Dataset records
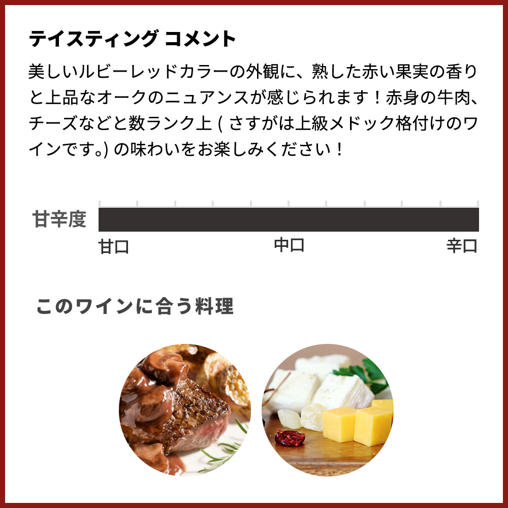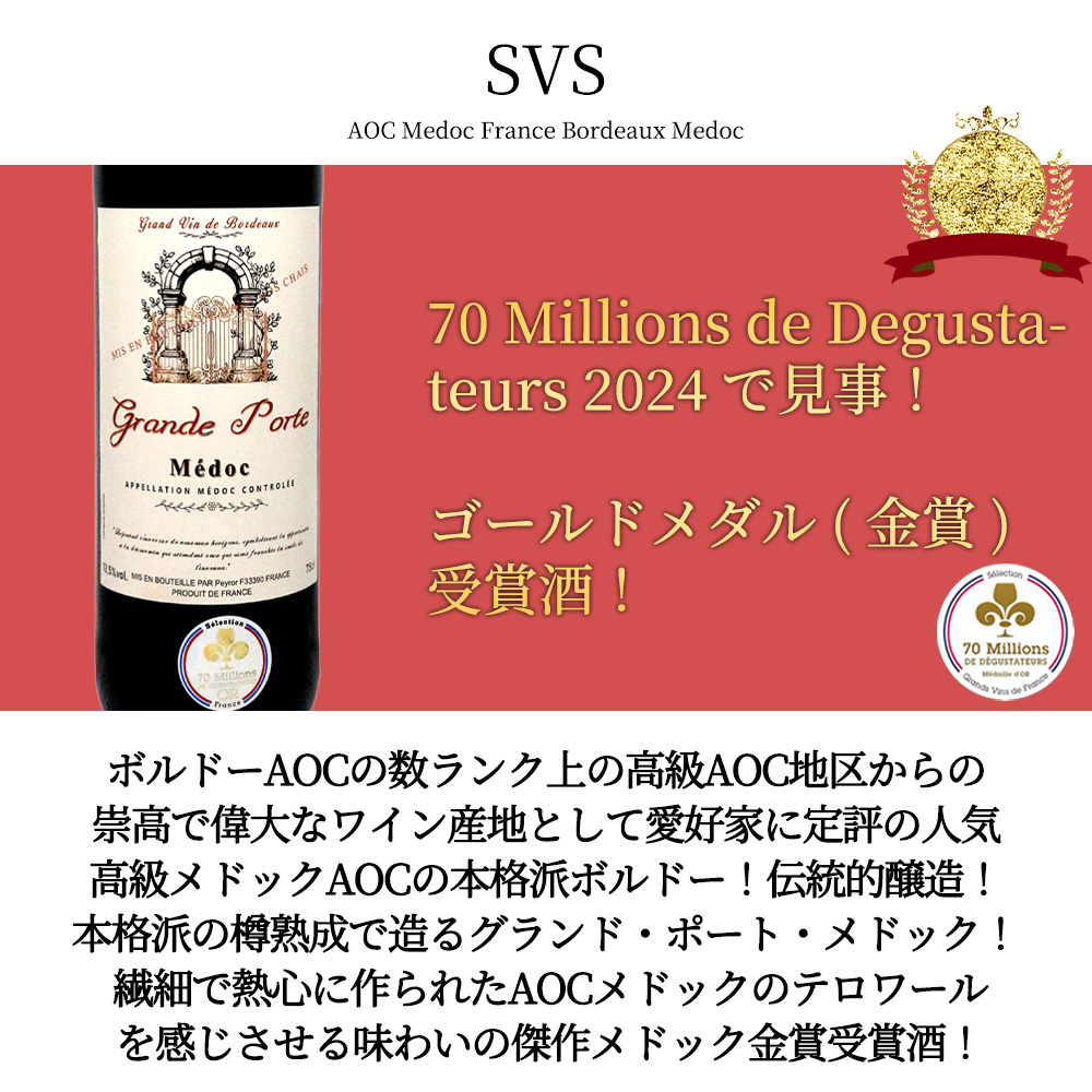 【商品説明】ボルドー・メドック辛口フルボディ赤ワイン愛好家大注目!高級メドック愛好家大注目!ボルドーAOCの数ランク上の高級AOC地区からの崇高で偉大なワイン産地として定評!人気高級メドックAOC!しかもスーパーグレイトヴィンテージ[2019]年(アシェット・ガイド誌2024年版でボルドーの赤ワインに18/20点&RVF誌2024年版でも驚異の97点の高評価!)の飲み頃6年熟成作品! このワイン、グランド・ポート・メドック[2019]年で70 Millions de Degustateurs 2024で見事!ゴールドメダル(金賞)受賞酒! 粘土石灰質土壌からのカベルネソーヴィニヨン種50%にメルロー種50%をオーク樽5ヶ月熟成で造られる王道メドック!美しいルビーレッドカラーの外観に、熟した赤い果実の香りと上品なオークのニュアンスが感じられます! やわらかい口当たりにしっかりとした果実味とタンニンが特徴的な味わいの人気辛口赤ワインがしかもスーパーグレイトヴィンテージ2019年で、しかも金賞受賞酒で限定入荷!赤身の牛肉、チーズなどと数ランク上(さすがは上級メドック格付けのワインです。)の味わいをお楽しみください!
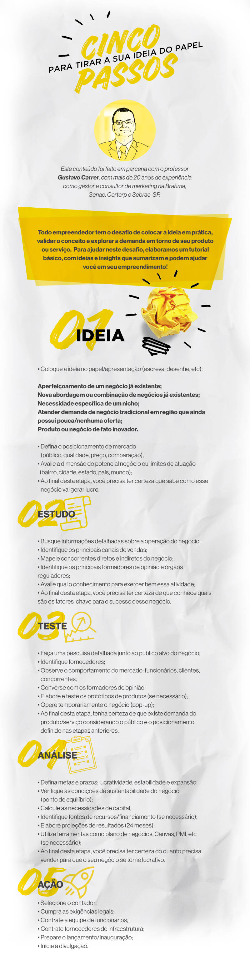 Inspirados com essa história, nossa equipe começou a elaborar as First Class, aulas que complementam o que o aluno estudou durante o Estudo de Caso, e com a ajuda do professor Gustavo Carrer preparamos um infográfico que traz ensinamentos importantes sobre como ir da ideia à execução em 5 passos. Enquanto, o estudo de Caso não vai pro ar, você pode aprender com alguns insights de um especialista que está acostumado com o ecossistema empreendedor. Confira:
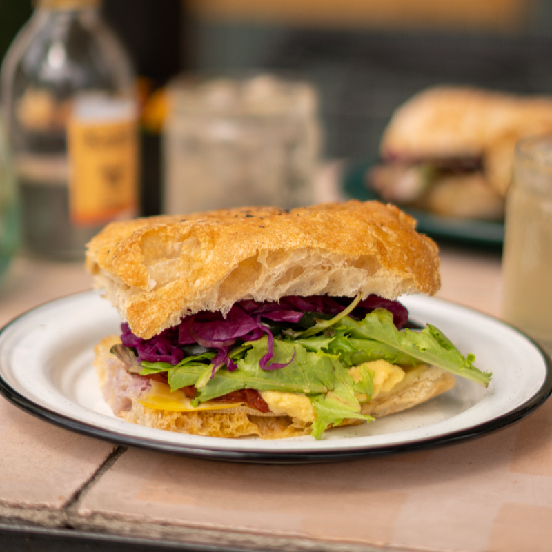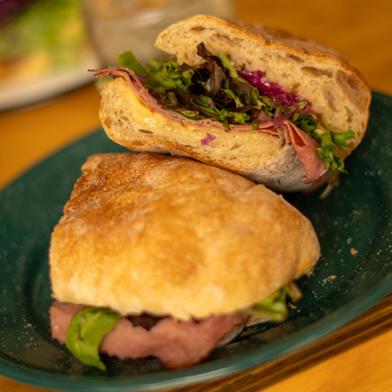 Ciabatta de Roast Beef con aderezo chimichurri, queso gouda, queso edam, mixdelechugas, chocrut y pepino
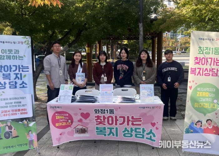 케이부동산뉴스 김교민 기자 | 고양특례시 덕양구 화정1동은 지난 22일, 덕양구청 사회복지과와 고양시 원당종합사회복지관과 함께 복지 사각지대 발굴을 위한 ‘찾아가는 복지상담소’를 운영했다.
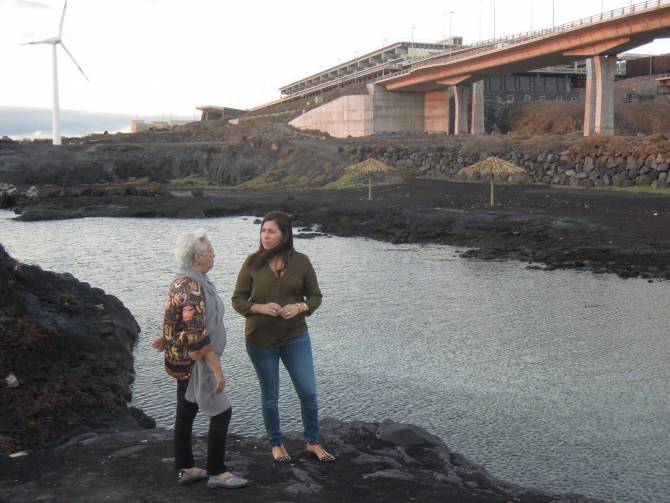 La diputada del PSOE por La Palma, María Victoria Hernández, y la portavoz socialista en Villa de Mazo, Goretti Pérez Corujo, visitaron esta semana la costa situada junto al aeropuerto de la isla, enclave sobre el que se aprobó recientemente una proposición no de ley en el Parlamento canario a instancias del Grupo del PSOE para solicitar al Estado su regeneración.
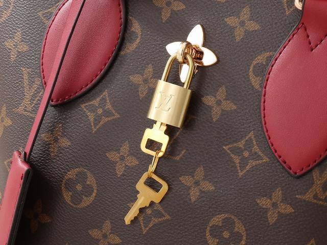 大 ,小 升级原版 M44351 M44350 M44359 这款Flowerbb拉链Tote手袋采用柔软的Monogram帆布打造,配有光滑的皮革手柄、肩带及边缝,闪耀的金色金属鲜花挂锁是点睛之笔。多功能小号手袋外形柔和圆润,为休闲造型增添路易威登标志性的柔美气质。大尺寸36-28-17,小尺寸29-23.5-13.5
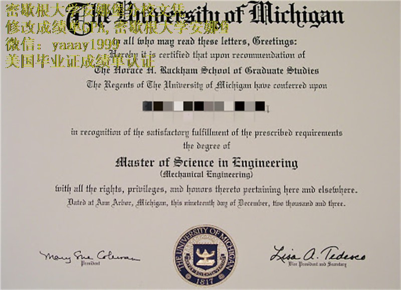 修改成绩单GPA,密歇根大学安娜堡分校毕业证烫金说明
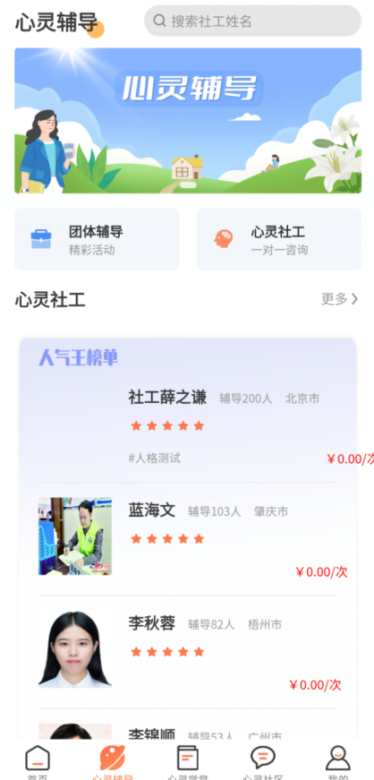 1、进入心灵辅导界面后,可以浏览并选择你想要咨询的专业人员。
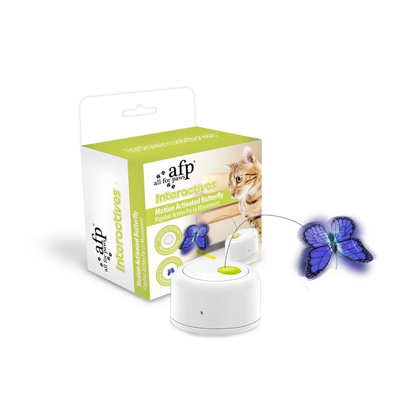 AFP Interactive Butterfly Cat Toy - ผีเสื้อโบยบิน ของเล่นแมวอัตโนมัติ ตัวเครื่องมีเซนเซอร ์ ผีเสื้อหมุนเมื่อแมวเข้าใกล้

Exercise prompt → Make an exact copy of the lines above, starting at the line that contains "大 ,小 升级原版 M44351" and running through the final line of the entries. Omit the pictures.

Task result →
 大 ,小 升级原版 M44351 M44350 M44359 这款Flowerbb拉链Tote手袋采用柔软的Monogram帆布打造,配有光滑的皮革手柄、肩带及边缝,闪耀的金色金属鲜花挂锁是点睛之笔。多功能小号手袋外形柔和圆润,为休闲造型增添路易威登标志性的柔美气质。大尺寸36-28-17,小尺寸29-23.5-13.5
 修改成绩单GPA,密歇根大学安娜堡分校毕业证烫金说明
 1、进入心灵辅导界面后,可以浏览并选择你想要咨询的专业人员。
 AFP Interactive Butterfly Cat Toy - ผีเสื้อโบยบิน ของเล่นแมวอัตโนมัติ ตัวเครื่องมีเซนเซอร ์ ผีเสื้อหมุนเมื่อแมวเข้าใกล้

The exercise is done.